(Items from a data source)
--- --- ---

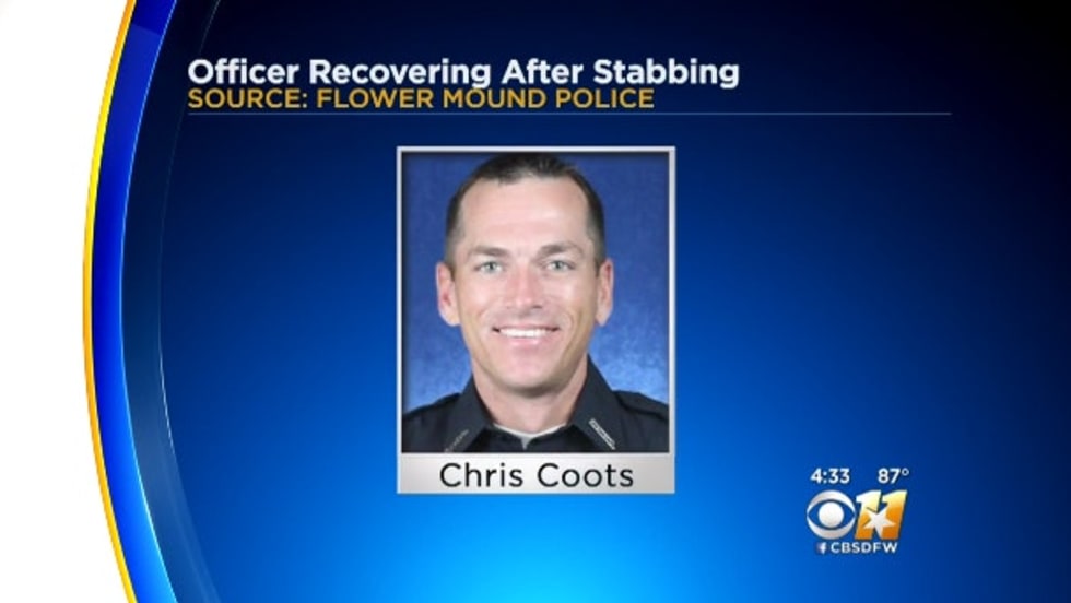 A shoplifting suspect stabbed a Flower Mound, TX, police officer in the face when the officer chased him down. The suspect is now in custody and the officer is recovering at home.
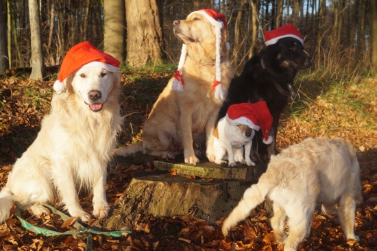 Die Chefin überredete den Chef das seltene Sonnenwetter zu nutzen, stopfte alle Hunde samt Murkel ins Auto und fuhr mit uns in den Wald um das diesjährige Weihnachtsfoto zu schießen. Ich war übrigens ganz ihrer Meinung: Wenn schon ein Weihnachtsfoto, dann bitte in spannender Umgebung, im Garten oder auf der Couch wird es langsam langweilig ...
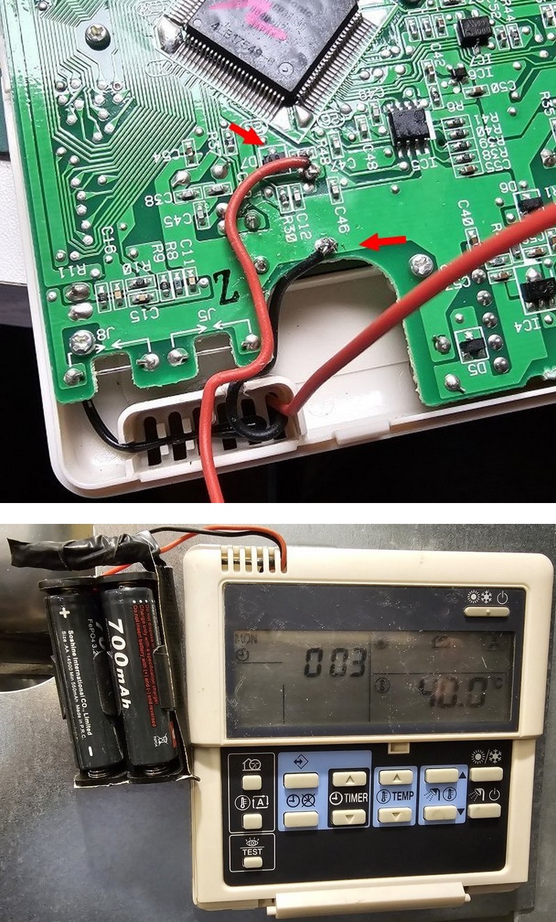 Soit avec une pile bouton rechargeable à la place du supercondensateur ou en supplément soudé comme avec le système des piles
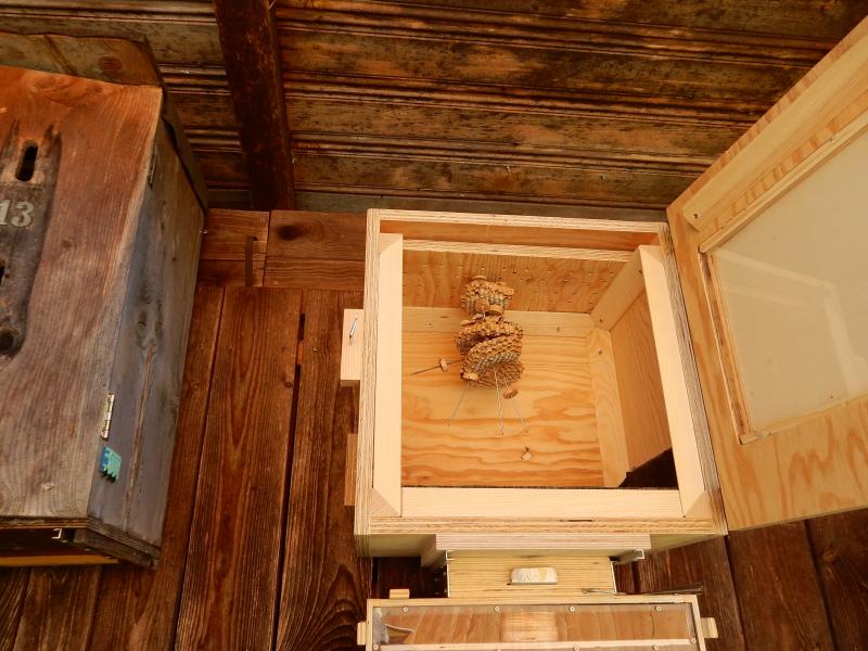 Das Nest wird in den Kasten eingesetzt, die Türe geschlossen, die Sperre geöffnet, damit die Hornissen vom Fangkasten nach oben klettern können.
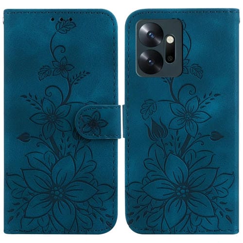 Funda de Cuero En Relieve para Infinix Hot 20 5G Lily para Teléfono (Azul Oscuro)
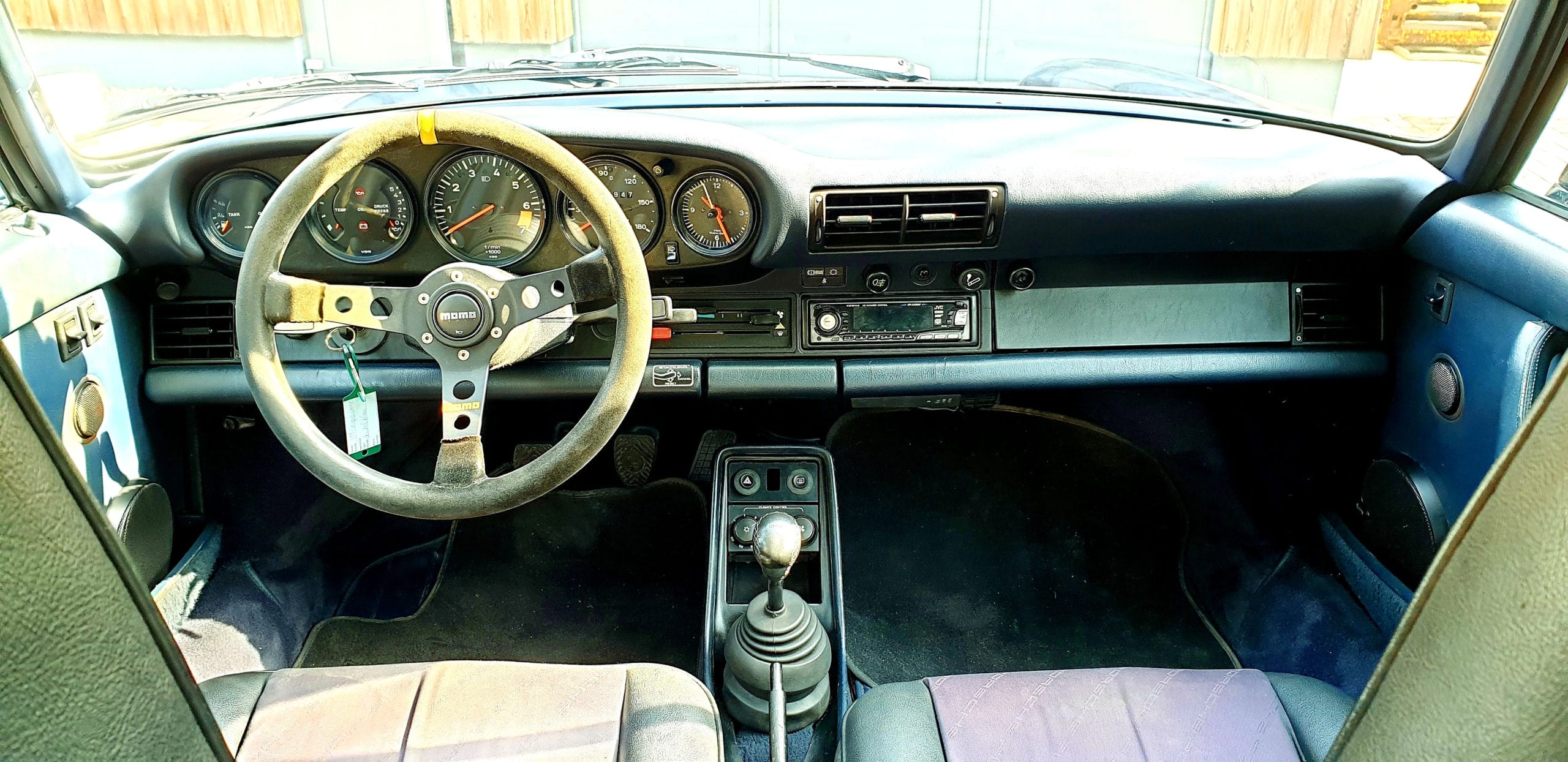 The choice was made quite deliberately for this accident-free California re-import. In contrast to many German bodies, this chassis has never seen a winter and is the ideal basis in terms of rust-free and stiffness of the chassis. The design was deliberately left neutral in the original Porsche colour dark blue K4. The design can be adapted according to the taste of the buyer in consultation and at a corresponding surcharge. No matter if you want a Rothmans or Martini design… many things are possible.
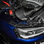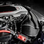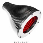 Leistungssteigerung: 13-17PS, 15-20ft-lbV-Box Beschleunigung: 60-130mph reduziert um 0,5 SekundenDas Audi B9 RS4/RS5 Eventuri Ansaugsystem wurde entwickelt, um dem Turbo einen weniger restriktiven Luftstrom zu geben und gleichzeitig niedrige Einlasstemperaturen zu gewährleisten. Der RS5/RS4-Motorraum ist sehr anfällig für Hitzestau, so dass die einfache Verwendung eines offenen Filter-Systems zu einem besseren Luftstrom bei höheren Eintrittstemperaturen führen würde. Deshalb haben wir den Luftstrom vom Turbo-Einlass bis zum Frontgrill mit einem hocheffizienten, abgedichteten System komplett überarbeitet. Die serienmäßig restriktive Airbox und das flexible Kunststoffeinlassrohr wurden durch unser patentiertes Venturifiltergehäuse und ein Kanalsystem mit weichen Übergängen ersetzt. Das gewundene Einlassrohr aus Stoff wird durch unser Venturigehäuse und das integrierte Vollcarbonrohr ersetzt, was zu einem gleichmäßigeren Luftstrom beim Eintritt in das Turboinlassrohr führt. Die daraus resultierenden Leistungssteigerungen und die Ästhetik sind branchenführend für diese Plattform.Erhältlich mit oder ohne optionalem Lufteinlass in Echtcarbon.Die Verbesserungen ergeben sich aus einer Kombination von Gründen: 1) Das geschlossene System hält die IATs niedrig – besonders mit der vorderen Lufthutze, die die Luft in das System drückt. 2) Das Venturigehäuse sorgt für einen reibungslosen Übergang vom Filter zum Ansaugrohr ohne Reibung. Dies hilft dem Turbo, effizienter zu laufen, indem die laminare Strömung in der Einlaufstrecke aufrechterhalten wird. 3) Das gesamte System ist aus reiner Pre-Preg-Kohlefaser hergestellt, die sich hervorragend zur Wärmedämmung eignet.Enthaltene Komponenten Patentiertes Kohlefaser-Venturigehäuse mit integriertem Rohr Filter mit hohem Durchfluss Generation 2 Carbon-Haupt-Luftkanal mit expandierender Dichtung Carbon Sekundär-Lufteinlass Carbon Front-Luftleitblech Lasergeschnittene Edelstahl-Montageklammern CNC-gefräste MontagezapfenCarbon Ansauggehäuse AufbauDas Filtergehäuse besteht aus unserem maßgeschneiderten Filter der Generation 2, dem Carbongehäuse und dem integrierten Rohr. Das Carbongehäuse umschließt den rückseitig montierten Filter und formt den Luftstrom sanft nach unten zum Turborohr, das im Durchmesser dem Turbeinlass entspricht. Dies ist ein wesentliches Merkmal des Ansaugkonzepts, bei dem wir die Anforderung für einen stufenlosen Übergang an einen gewundenen Gummischlauch zwischen Ansaugung und Motor beseitigt haben. Das Filtergehäuse und das integrierte Rohr erstrecken sich bis zum serienmäßigen Turborohr und durch die Montage am Motor bewegt sich das gesamte Filtergehäuse mit dem Motor. Da sich das Motor- und Filtergehäuse unter Beschleunigung bewegt, ist es in der Lage, eine Abdichtung zum Kanal durch ein expandierendes Gummiprofil aufrechtzuerhalten, das an der Stirnseite des Kanals montiert ist.Diese sanfte Reduzierung des Querschnittsbereichs bewirkt den Venturi-Effekt, bei dem der Luftstrom unter Beibehaltung laminarer Bedingungen beschleunigt wird. Es kann als ein großer Trichter betrachtet werden. Schön zu sehen im Diagramm, das den Vergleich zwischen unserem zum Patent angemeldeten Design und einem OEM Ansaugsystem zeigt. Unsere maßgeschneiderten Filter unterstützen den Luftstrom durch die Gehäuse und ermöglichen ein gleichmäßiges Geschwindigkeitsprofil, wenn der Luftstrom aus den Gehäusen austritt.Carbon-Haupt-Luftkanal mit expandierender DichtungDer Kanal leitet die Umgebungsluft von der Schaufel zum Filtergehäuse. Er erzeugt auch ein abgedichtetes Volumen an Umgebungsluft vor dem Filter, aus dem das System zu jeder Zeit Luft ziehen kann. Der Kanal wurde so konzipiert, dass er das im Motorraum verfügbare Volumen optimal ausnutzt. Um eine gute Abdichtung gegen Motorraumwärme zu gewährleisten, ist der Kanal zusätzlich mit einem flexiblen Gummirand um die Öffnungen herum versehen, die gegen das Filtergehäuse und den OEM-Frontkanal drücken und die gewünschte Abdichtung schaffen, während sich das Gehäuse mit dem Motor bewegen kann. Um den Luftstrom weiter zu verbessern, haben wir eine zusätzliche Öffnung an der Rückseite des Kanals im kalten Bereich des Motorraums
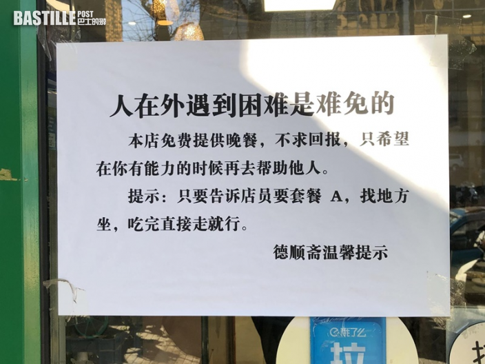 在北京有一間餐館門口貼著吿示,表示該店提供免費晚餐,只要說出暗號,店員便會送上餐點,十分暖心。老闆表示,有此幫人的想法都是因為自己曾獲同樣的幫助,希望獲得幫助的人日後有能力時候再去幫助別人。
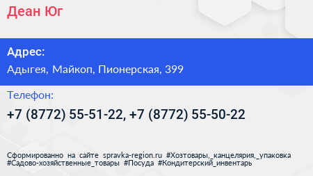 Деан Юг по адресу Адыгея, Майкоп, Пионерская, 399 в дальнейшем Организация, размещена в следующих категориях:

--- --- ---

# To do:
Set down word for word the lines above from the one with "Funda de Cuero" up to and including the one with "The choice was". Omit every picture.

# Answer below:
 Funda de Cuero En Relieve para Infinix Hot 20 5G Lily para Teléfono (Azul Oscuro)
 The choice was made quite deliberately for this accident-free California re-import. In contrast to many German bodies, this chassis has never seen a winter and is the ideal basis in terms of rust-free and stiffness of the chassis. The design was deliberately left neutral in the original Porsche colour dark blue K4. The design can be adapted according to the taste of the buyer in consultation and at a corresponding surcharge. No matter if you want a Rothmans or Martini design… many things are possible.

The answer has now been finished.